SOURCE RECORDS below:
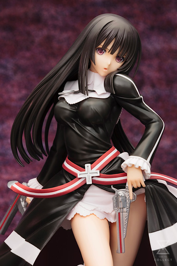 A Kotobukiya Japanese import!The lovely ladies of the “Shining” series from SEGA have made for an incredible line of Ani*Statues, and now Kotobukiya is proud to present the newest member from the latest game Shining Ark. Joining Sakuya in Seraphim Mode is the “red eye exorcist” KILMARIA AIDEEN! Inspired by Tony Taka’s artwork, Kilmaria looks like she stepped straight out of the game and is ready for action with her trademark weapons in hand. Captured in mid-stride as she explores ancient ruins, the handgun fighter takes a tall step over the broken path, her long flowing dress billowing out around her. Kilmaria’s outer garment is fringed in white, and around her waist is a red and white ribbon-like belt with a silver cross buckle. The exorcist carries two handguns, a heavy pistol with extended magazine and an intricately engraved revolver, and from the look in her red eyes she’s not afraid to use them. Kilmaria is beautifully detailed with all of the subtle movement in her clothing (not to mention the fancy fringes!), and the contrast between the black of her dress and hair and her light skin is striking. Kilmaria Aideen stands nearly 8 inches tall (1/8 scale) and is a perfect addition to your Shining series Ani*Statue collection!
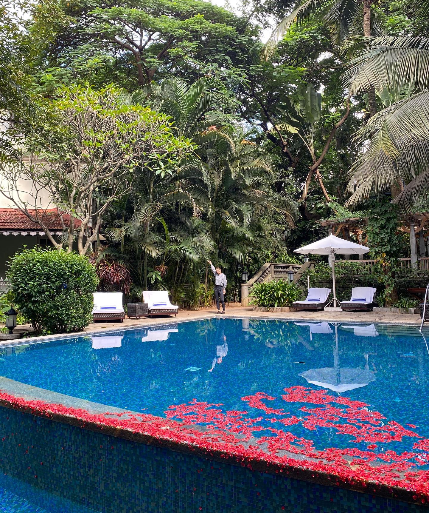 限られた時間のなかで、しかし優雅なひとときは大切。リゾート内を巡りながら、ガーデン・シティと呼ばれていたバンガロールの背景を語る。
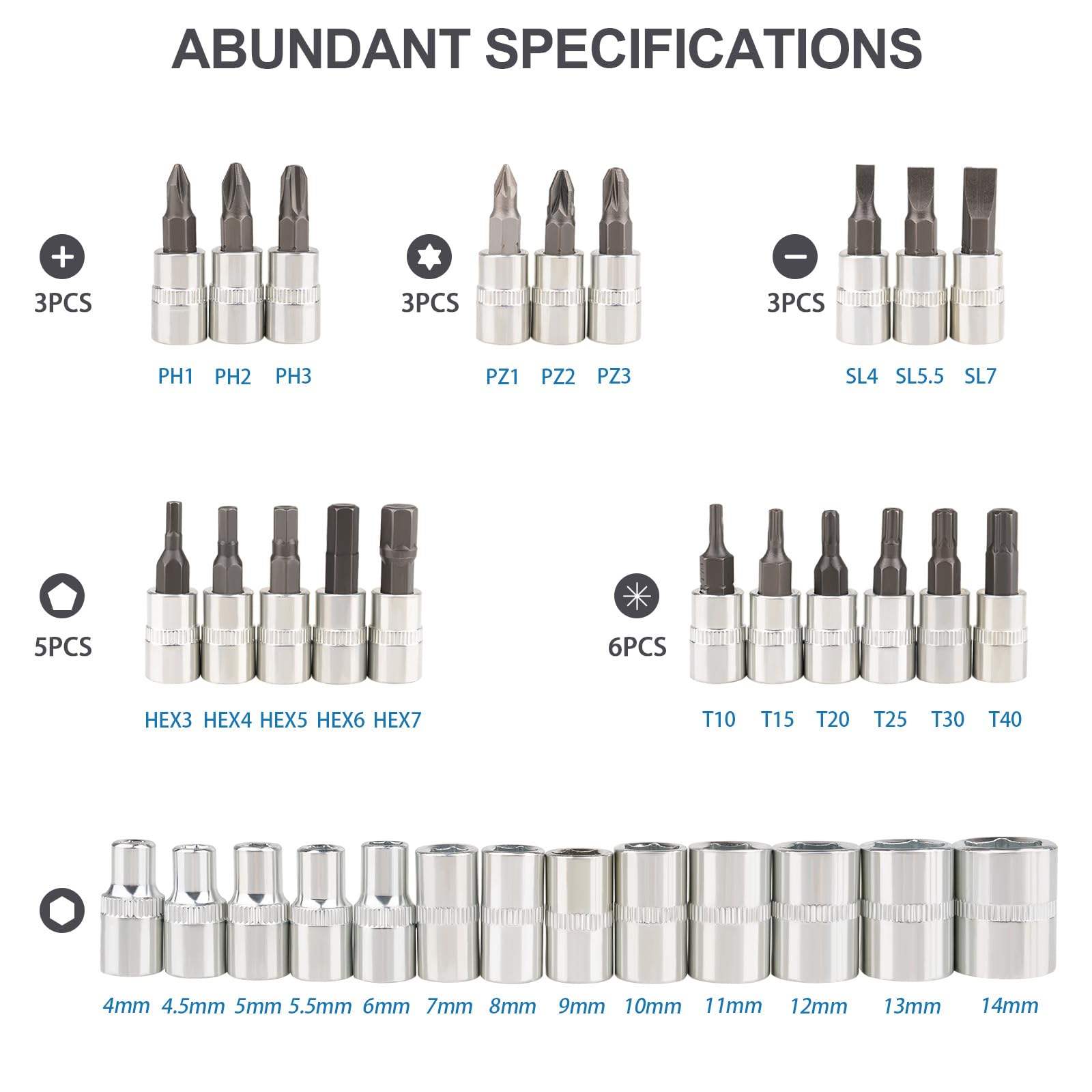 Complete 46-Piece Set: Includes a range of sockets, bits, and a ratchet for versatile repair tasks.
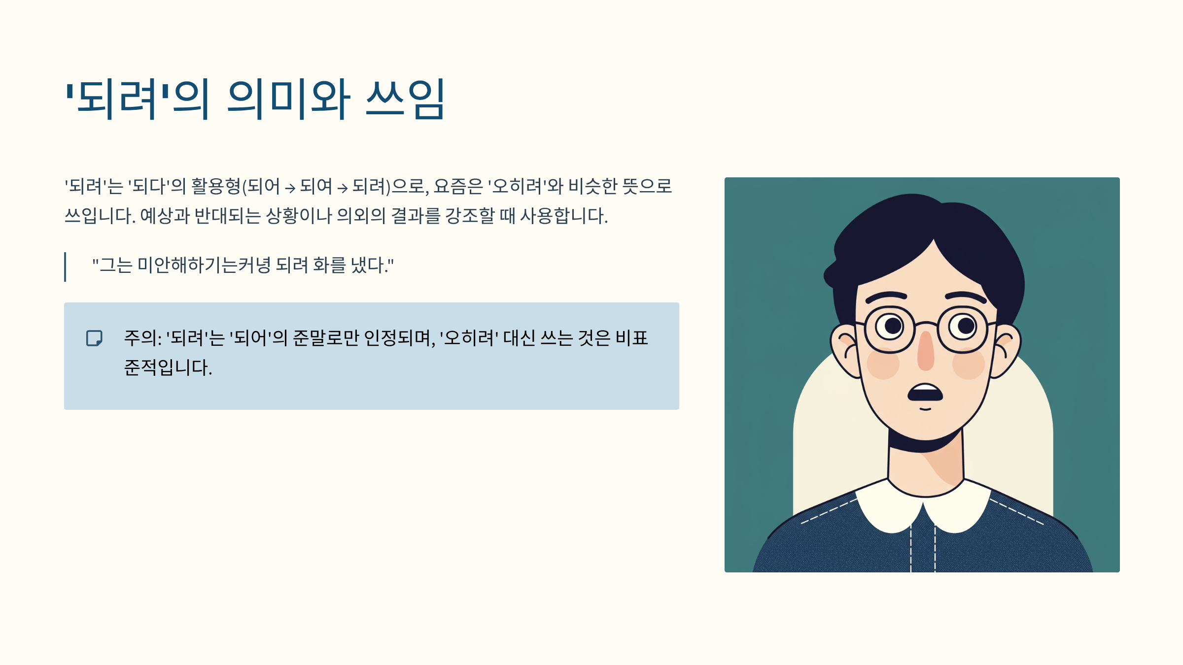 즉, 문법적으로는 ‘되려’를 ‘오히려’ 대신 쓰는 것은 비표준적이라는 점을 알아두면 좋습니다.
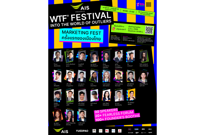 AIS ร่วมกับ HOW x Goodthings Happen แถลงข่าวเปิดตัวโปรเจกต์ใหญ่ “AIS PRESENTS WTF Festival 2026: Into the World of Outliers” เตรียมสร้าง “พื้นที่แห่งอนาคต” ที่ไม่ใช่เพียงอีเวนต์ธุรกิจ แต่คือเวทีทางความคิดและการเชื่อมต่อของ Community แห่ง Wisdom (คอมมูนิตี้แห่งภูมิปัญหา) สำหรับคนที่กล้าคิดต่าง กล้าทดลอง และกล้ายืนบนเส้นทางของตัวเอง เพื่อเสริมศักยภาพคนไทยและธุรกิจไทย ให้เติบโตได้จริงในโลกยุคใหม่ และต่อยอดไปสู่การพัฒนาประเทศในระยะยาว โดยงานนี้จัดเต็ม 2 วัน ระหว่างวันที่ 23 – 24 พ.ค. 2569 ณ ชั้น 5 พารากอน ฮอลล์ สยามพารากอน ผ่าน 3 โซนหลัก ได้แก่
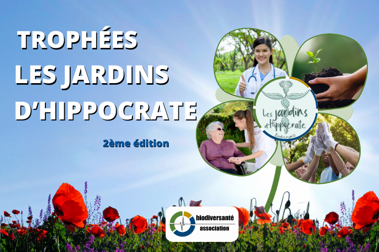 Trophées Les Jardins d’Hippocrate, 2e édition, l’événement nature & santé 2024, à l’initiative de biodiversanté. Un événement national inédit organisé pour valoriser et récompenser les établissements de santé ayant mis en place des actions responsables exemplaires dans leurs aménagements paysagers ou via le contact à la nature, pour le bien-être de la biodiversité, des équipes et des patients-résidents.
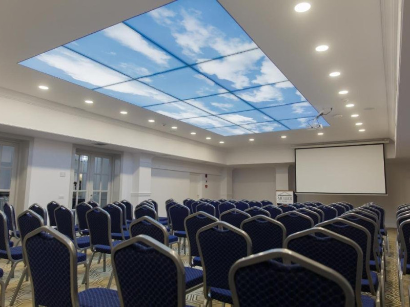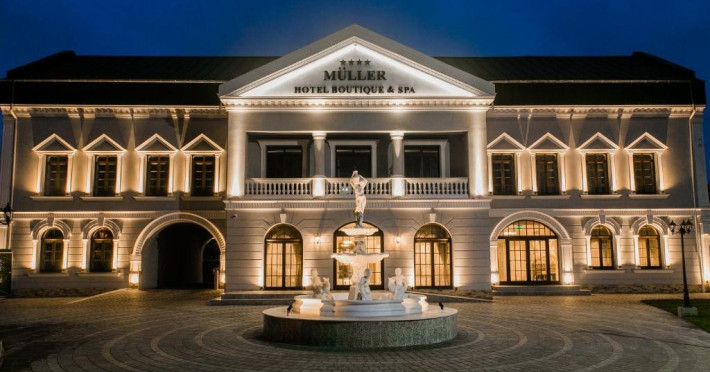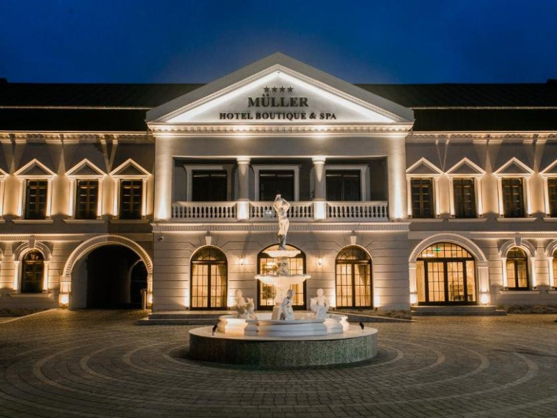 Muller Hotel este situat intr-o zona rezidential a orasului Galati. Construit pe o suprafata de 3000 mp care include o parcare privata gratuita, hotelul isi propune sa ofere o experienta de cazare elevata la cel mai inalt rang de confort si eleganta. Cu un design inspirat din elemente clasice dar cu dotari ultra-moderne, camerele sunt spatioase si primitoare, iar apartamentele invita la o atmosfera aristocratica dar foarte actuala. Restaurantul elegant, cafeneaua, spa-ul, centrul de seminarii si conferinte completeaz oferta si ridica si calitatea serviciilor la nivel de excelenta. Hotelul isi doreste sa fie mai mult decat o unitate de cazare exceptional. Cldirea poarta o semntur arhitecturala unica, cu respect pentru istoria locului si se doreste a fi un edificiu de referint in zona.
End of SOURCE RECORDS.
Please reproduce exactly and only the lines from the first line of the records through the line containing "즉, 문법적으로는 ‘되려’를", both included, omitting any pictures.

 A Kotobukiya Japanese import!The lovely ladies of the “Shining” series from SEGA have made for an incredible line of Ani*Statues, and now Kotobukiya is proud to present the newest member from the latest game Shining Ark. Joining Sakuya in Seraphim Mode is the “red eye exorcist” KILMARIA AIDEEN! Inspired by Tony Taka’s artwork, Kilmaria looks like she stepped straight out of the game and is ready for action with her trademark weapons in hand. Captured in mid-stride as she explores ancient ruins, the handgun fighter takes a tall step over the broken path, her long flowing dress billowing out around her. Kilmaria’s outer garment is fringed in white, and around her waist is a red and white ribbon-like belt with a silver cross buckle. The exorcist carries two handguns, a heavy pistol with extended magazine and an intricately engraved revolver, and from the look in her red eyes she’s not afraid to use them. Kilmaria is beautifully detailed with all of the subtle movement in her clothing (not to mention the fancy fringes!), and the contrast between the black of her dress and hair and her light skin is striking. Kilmaria Aideen stands nearly 8 inches tall (1/8 scale) and is a perfect addition to your Shining series Ani*Statue collection!
 限られた時間のなかで、しかし優雅なひとときは大切。リゾート内を巡りながら、ガーデン・シティと呼ばれていたバンガロールの背景を語る。
 Complete 46-Piece Set: Includes a range of sockets, bits, and a ratchet for versatile repair tasks.
 즉, 문법적으로는 ‘되려’를 ‘오히려’ 대신 쓰는 것은 비표준적이라는 점을 알아두면 좋습니다.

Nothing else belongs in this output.